Steven Colbert sprayed Chick-fil-a sauce on both Mike Huckabee and Rick Santorum.
And this young lady called for a use of biblical jujitsu again the faith based fast food chain.
The mayor of Boston, Tom Menino, was joined in his public denunciation of Chick-fil-a by Rom Emanuel, the mayor of Chicago, and Ed Lee, the mayor of San Francisco. While Menino himself made his opposition to beleaguered fast food chain official with a letter to it's president. And all three of them were denounced by conservative/gay blogger, Andrew Sullivan and the Big Gulp hating (but fried chicken loving) Mayor of NYC who reasserted his support for marriage equality while saying
“It’s inappropriate for a city government, or a state government, or the federal government to look at somebody’s political views and decide whether or not they can live in the city, or operate a business in the city, or work for somebody in the city,”Here in Los Angeles the owner of the Hollywood Chick-fil-a took to the Facebooks and posted this very nice letter...

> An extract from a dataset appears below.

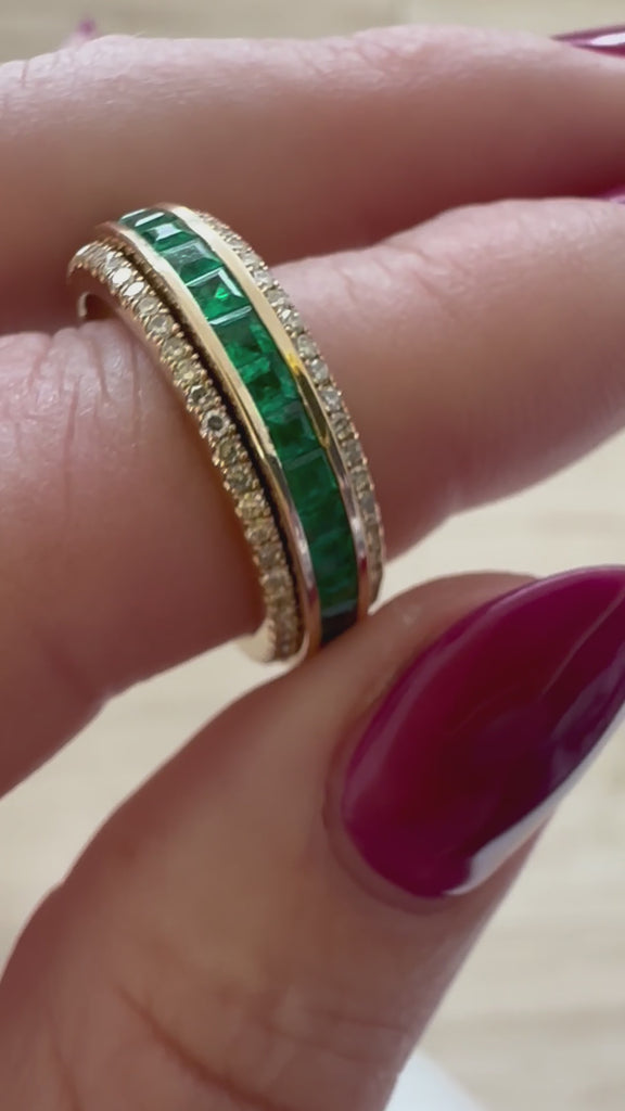 14K Gold Spinning Fidget Ring with Emeralds and Diamonds

But what Mr. Cillipam doesn't seem to realize is this isn't about the personally held opinions of the executive of a privately owned company (which he is entitled to) no is it about how politely treated I am at the local branch of that privately owned company (which i am sure has exemplary service). This is entirely about what that privately owned company does with those dollars after i spend them. And it just so happens this privately owned company takes those dollars and spends them on depriving my people of their natural rights.
Mr. Sullivan (who I admire greatly) says that the issue at hand is Freedom of Speech, and warns us that our equality cannot come at the expense of other's freedoms. And I agree with that. By the same token, I am deeply uncomfortable with the notion of the State passing out permits based on religious or political beliefs. I love Freedom of Speech with a depth and passion that borders on zealotry. I would defend to the death Mr. Cathy's right to call me a sodomite and an abomination, but I don't have to help buy him a printing press, and I'll be deep and cold in the ground before i allow a single penny of mine to fall into his coffers. And while I'll admit I let out a little cheer when I read Mayor Menino had pulled in the welcome mat to CFA, intellectually, the State picking winners and losers based on political belief is abhorrent to me. But I wonder what if Chick-fil-a was funding Holocaust denial, or terror abroad, or the re-introduction of racial segregation in public schools? How would I or Mr. Sullivan, or Mr. Bloomberg feel then?
Is it proper for the State to use it's vast array of powers against a private company if that company funds the oppression of it's citizenry?